(Source records)
━━━━━━━━━━━━━━━━━━━━━━━━━━━━━━

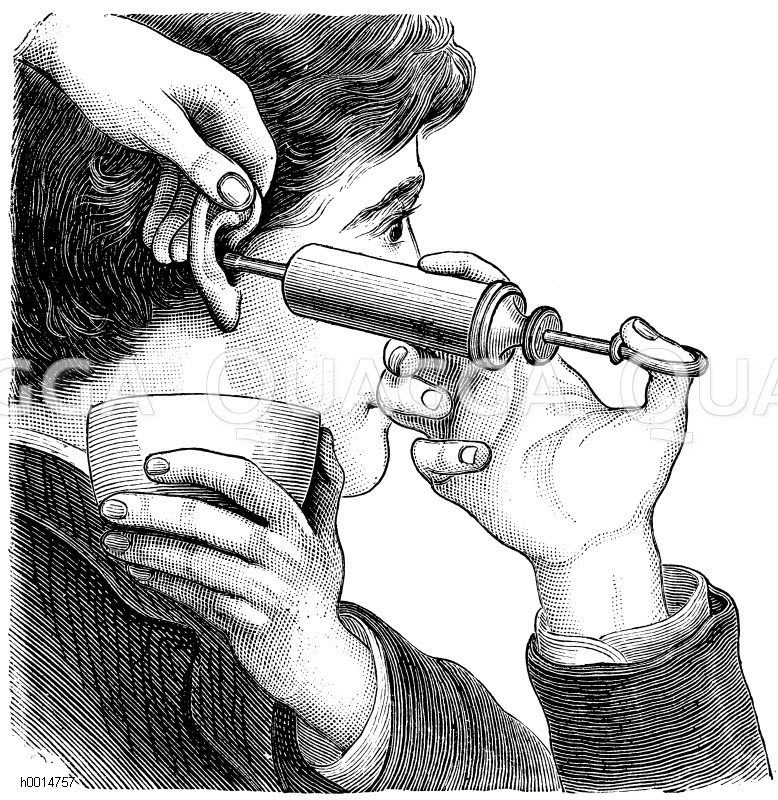 Anwendung der Ohrspritze: Zeichnung/Illustration/Holzstich – – Application of the ear syringe – Application de la seringue auriculaire
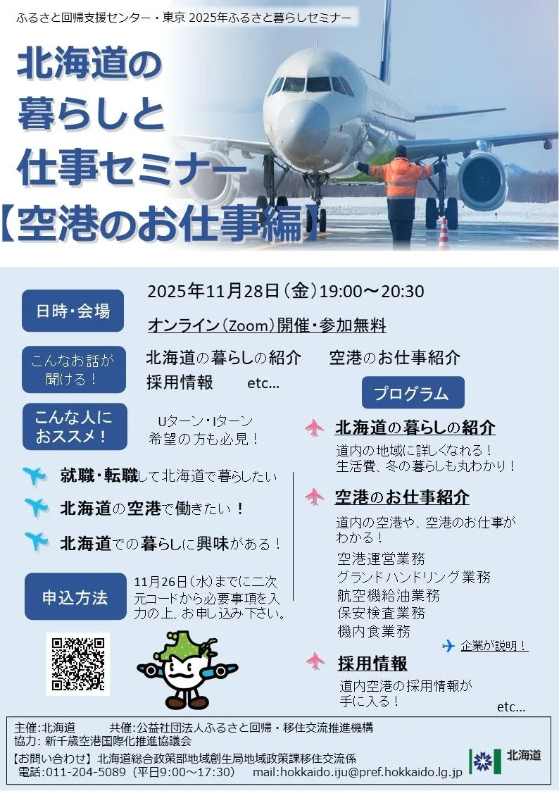 北海道では、一般社団法人北海道移住交流促進協議会を中心に、地域の魅力を発信しながら移住や定住の促進に取り組んでいます。このたび、移住に関心のある方々を対象にした「北海道の暮らしと仕事セミナー」の第3回が、11月28日(金)に開催されることが決まりました。今回のテーマは、航空業界に焦点を当て、特に空港の地上支援業務について詳しく知っていただく内容となっています。
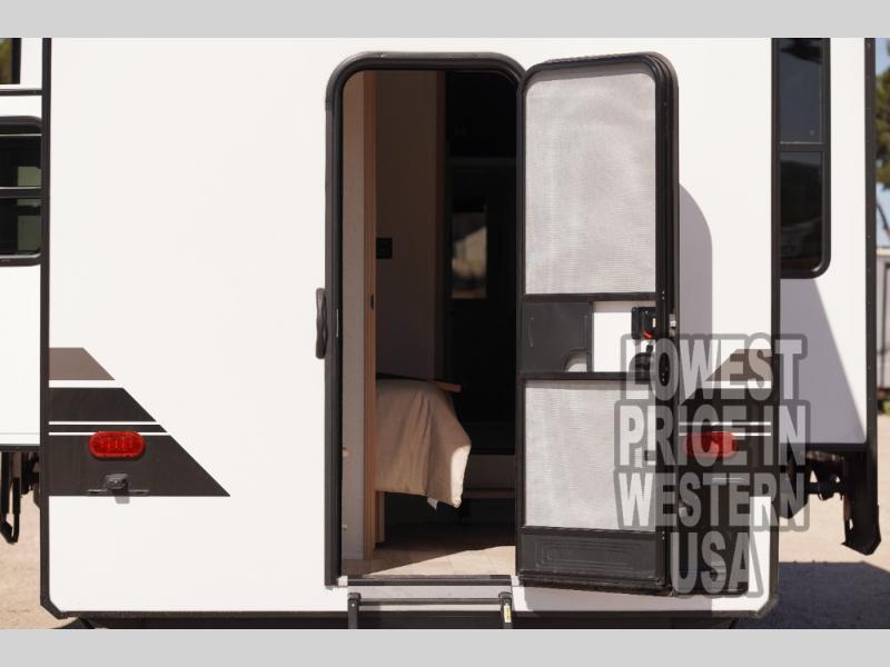 Step inside to discover a thoughtfully designed interior featuring two separate living areas, providing privacy and convenience. Each section is equipped with its own bedroom, bathroom, and living space, making it ideal for families or couples traveling together. The bedrooms boast queen-sized beds and generous storage, while the bathrooms feature modern fixtures and spacious showers. The fully equipped kitchen comes with a refrigerator, stove, and microwave, ensuring you have everything you need to prepare delicious meals on the road. The living areas are designed for relaxation, with comfortable seating and entertainment options to keep everyone entertained.
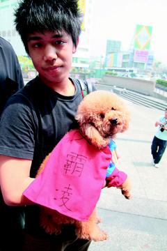來自桃園的高中生“小謝”帶著他的貴賓狗一起來參加游行,他特地為狗兒做了一件超人披風(fēng),上頭寫著“反霸凌”。圖片來源:臺(tái)灣《聯(lián)合報(bào)》
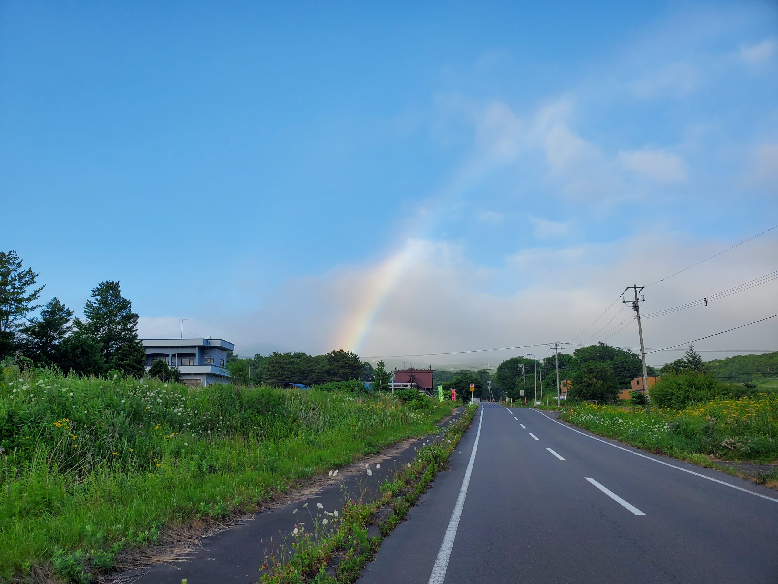 畑は水不足で、作物も枯れてしまいそうです。雨が待ち遠しいです。そんな中、偶然にも虹を見ることが出来ました。
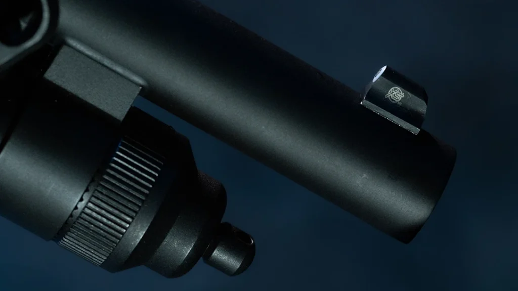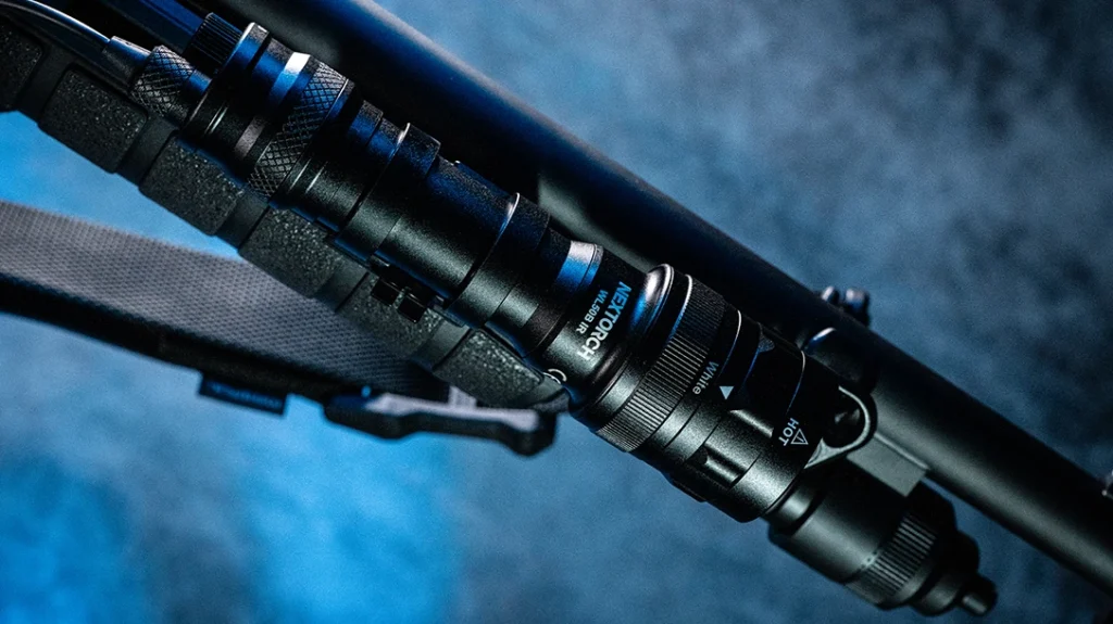 A light is not optional. You cannot index a threat you cannot see. If you don’t have one on the gun itself you need to have some ambient light in your house and on the property itself. Out front, this 590 uses a Nextorch WL50B IR head unit with a momentary switch. Nextorch is known for building reliable weapon lights. The WL50B operates on CR123A cells or its rechargeable proprietary battery and capable lumen output is listed at 1000 lumens on high. It also produces IR output in its configuration, which may be useful in some setups and unnecessary in others. If you do not intend to use IR, select the white-light only option to avoid complexity.
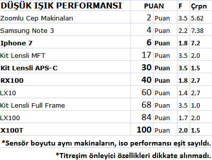 Evet, aşağı yukarı benzer performans veriyorlar. düşük ışıkta X70 az daha önde. yeterli ışıkta X70 bariz önde olur tabii. "Equivalent aperture" diye birşey var, eşdeğer F değeri. Full frame hesabı yapılıyor https://www.dpreview.com/articles/2666934640/what-is-equivalence-and-why-should-i-care/3 şurada da sayfa altında bir önek grafik var. çeşitli makinalar karşılatırılıyor. Neden LX10 istiyorum cevabı orada. https://www.dpreview.com/reviews/panasonic-lumix-dmc-lx10-lx15 ---------------------------------------------------------------- DÜŞÜK IŞIK PERFORMANSI LİSTESİ KÖTÜDEN İYİYE < Resime gitmek için tıklayın > https://www.scantips.com/lights/exposurecalc.html kullanıldı. < Resime gitmek için tıklayın > * Not1: Sensör büyüdükçe (Çarpan küçüldükçe) alan derinliği azalmaktadır, 6D + 24mm1.4 ile hem gözler hem burun aynı anda net çıkmaz. Ama iphone ile 1.8 de bile hem gözler hem burun hem de arkadaki bir çok nesne net çıkar. *Not 2: Liste sadece sensör boyutu ve F değerlerine göre hazırlandı. İso performanları da gerçek kullanımda bu listede biraz oynamalar yapar. Misal Canon 1300D, Samsung NX300 aynı bu listede fakat iso performansı samsungun daha iyi. *Not 3: Ayrıca titreşim önleyici de ciddi katkı sağlar. Olypusun sensörü küçük ama titreşim önleyicisi var. Duran nesnelerde elde çekimi çok etkiler bu. (Fikir vermesi açısından yazdım bunları, hesapta ufak tefek hatala olabilir. Ayrıca odak noktaları da aynı değil makinaların. Biraz elma armut karşılaştırma oldu. Ama fikir verir.) |
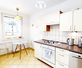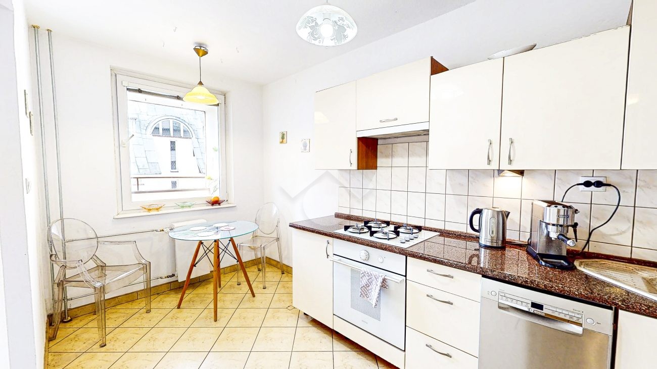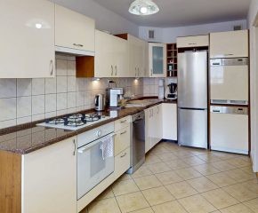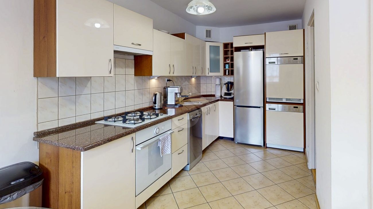 W pełni umeblowana kuchnia zawiera sprzęt najwyższej klasy – Miele (pralka oraz suszarka), płytę indukcyjną z piekarnikiem (Nardi) oraz okapem (Gorenje), zmywarkę (Bosh) i lodówkę.
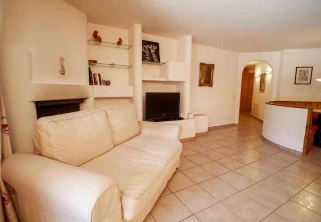 La zone de vie comprend un salon lumineux avec une zone repas et une cuisine américaine entièrement équipée, dotée d'un lave-vaisselle, d'un four et d'un micro-ondes, organisée dans un espace ouvert pratique. Machine à café Nespresso compatible avec des capsules standard (capsules non fournies). Depuis la zone de vie, on accède directement au jardin condominial.
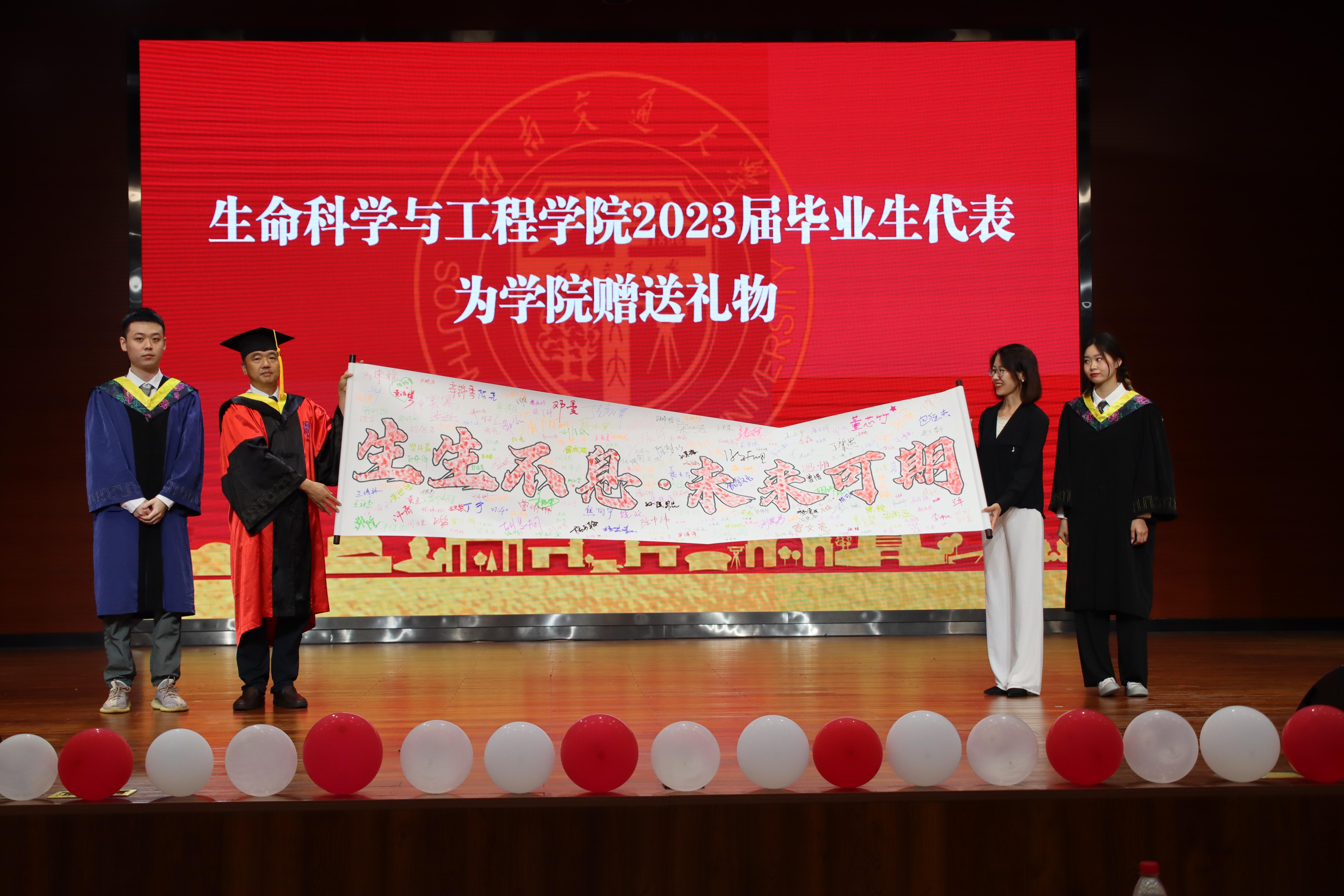 在典礼上,周先礼院长以《彰显生命之美,争做时代新人》为题寄语学院2023届全体毕业生。他表示,在过去几年中同学们迎难而上,同全国人民共同走过了一段极不平凡的抗疫之路,并赞扬同学们用自己的实际行动证明了新时代的交大生命人是堪当大任的。并向毕业生提出了三点希望:一是从生命出发,希望大家胸怀大志,做一个厚植家国情怀的人;二是从生命出发,希望大家苦练本领,做一个敢于担当作为的人;三是从生命出发,希望大家常学常新,做一个坚持终身学习的人。

━━━━━━━━━━━━━━━━━━━━━━━━━━━━━━

● **YOUR INSTRUCTIONS**: All of the data above should be printed again exactly, though none of the pictures belong in the copy.

● **EXERCISE SOLUTION**:
 Anwendung der Ohrspritze: Zeichnung/Illustration/Holzstich – – Application of the ear syringe – Application de la seringue auriculaire
 北海道では、一般社団法人北海道移住交流促進協議会を中心に、地域の魅力を発信しながら移住や定住の促進に取り組んでいます。このたび、移住に関心のある方々を対象にした「北海道の暮らしと仕事セミナー」の第3回が、11月28日(金)に開催されることが決まりました。今回のテーマは、航空業界に焦点を当て、特に空港の地上支援業務について詳しく知っていただく内容となっています。
 Step inside to discover a thoughtfully designed interior featuring two separate living areas, providing privacy and convenience. Each section is equipped with its own bedroom, bathroom, and living space, making it ideal for families or couples traveling together. The bedrooms boast queen-sized beds and generous storage, while the bathrooms feature modern fixtures and spacious showers. The fully equipped kitchen comes with a refrigerator, stove, and microwave, ensuring you have everything you need to prepare delicious meals on the road. The living areas are designed for relaxation, with comfortable seating and entertainment options to keep everyone entertained.
來自桃園的高中生“小謝”帶著他的貴賓狗一起來參加游行,他特地為狗兒做了一件超人披風(fēng),上頭寫著“反霸凌”。圖片來源:臺(tái)灣《聯(lián)合報(bào)》
 畑は水不足で、作物も枯れてしまいそうです。雨が待ち遠しいです。そんな中、偶然にも虹を見ることが出来ました。
 A light is not optional. You cannot index a threat you cannot see. If you don’t have one on the gun itself you need to have some ambient light in your house and on the property itself. Out front, this 590 uses a Nextorch WL50B IR head unit with a momentary switch. Nextorch is known for building reliable weapon lights. The WL50B operates on CR123A cells or its rechargeable proprietary battery and capable lumen output is listed at 1000 lumens on high. It also produces IR output in its configuration, which may be useful in some setups and unnecessary in others. If you do not intend to use IR, select the white-light only option to avoid complexity.
 Evet, aşağı yukarı benzer performans veriyorlar. düşük ışıkta X70 az daha önde. yeterli ışıkta X70 bariz önde olur tabii. "Equivalent aperture" diye birşey var, eşdeğer F değeri. Full frame hesabı yapılıyor https://www.dpreview.com/articles/2666934640/what-is-equivalence-and-why-should-i-care/3 şurada da sayfa altında bir önek grafik var. çeşitli makinalar karşılatırılıyor. Neden LX10 istiyorum cevabı orada. https://www.dpreview.com/reviews/panasonic-lumix-dmc-lx10-lx15 ---------------------------------------------------------------- DÜŞÜK IŞIK PERFORMANSI LİSTESİ KÖTÜDEN İYİYE < Resime gitmek için tıklayın > https://www.scantips.com/lights/exposurecalc.html kullanıldı. < Resime gitmek için tıklayın > * Not1: Sensör büyüdükçe (Çarpan küçüldükçe) alan derinliği azalmaktadır, 6D + 24mm1.4 ile hem gözler hem burun aynı anda net çıkmaz. Ama iphone ile 1.8 de bile hem gözler hem burun hem de arkadaki bir çok nesne net çıkar. *Not 2: Liste sadece sensör boyutu ve F değerlerine göre hazırlandı. İso performanları da gerçek kullanımda bu listede biraz oynamalar yapar. Misal Canon 1300D, Samsung NX300 aynı bu listede fakat iso performansı samsungun daha iyi. *Not 3: Ayrıca titreşim önleyici de ciddi katkı sağlar. Olypusun sensörü küçük ama titreşim önleyicisi var. Duran nesnelerde elde çekimi çok etkiler bu. (Fikir vermesi açısından yazdım bunları, hesapta ufak tefek hatala olabilir. Ayrıca odak noktaları da aynı değil makinaların. Biraz elma armut karşılaştırma oldu. Ama fikir verir.) |
 W pełni umeblowana kuchnia zawiera sprzęt najwyższej klasy – Miele (pralka oraz suszarka), płytę indukcyjną z piekarnikiem (Nardi) oraz okapem (Gorenje), zmywarkę (Bosh) i lodówkę.
 La zone de vie comprend un salon lumineux avec une zone repas et une cuisine américaine entièrement équipée, dotée d'un lave-vaisselle, d'un four et d'un micro-ondes, organisée dans un espace ouvert pratique. Machine à café Nespresso compatible avec des capsules standard (capsules non fournies). Depuis la zone de vie, on accède directement au jardin condominial.
 在典礼上,周先礼院长以《彰显生命之美,争做时代新人》为题寄语学院2023届全体毕业生。他表示,在过去几年中同学们迎难而上,同全国人民共同走过了一段极不平凡的抗疫之路,并赞扬同学们用自己的实际行动证明了新时代的交大生命人是堪当大任的。并向毕业生提出了三点希望:一是从生命出发,希望大家胸怀大志,做一个厚植家国情怀的人;二是从生命出发,希望大家苦练本领,做一个敢于担当作为的人;三是从生命出发,希望大家常学常新,做一个坚持终身学习的人。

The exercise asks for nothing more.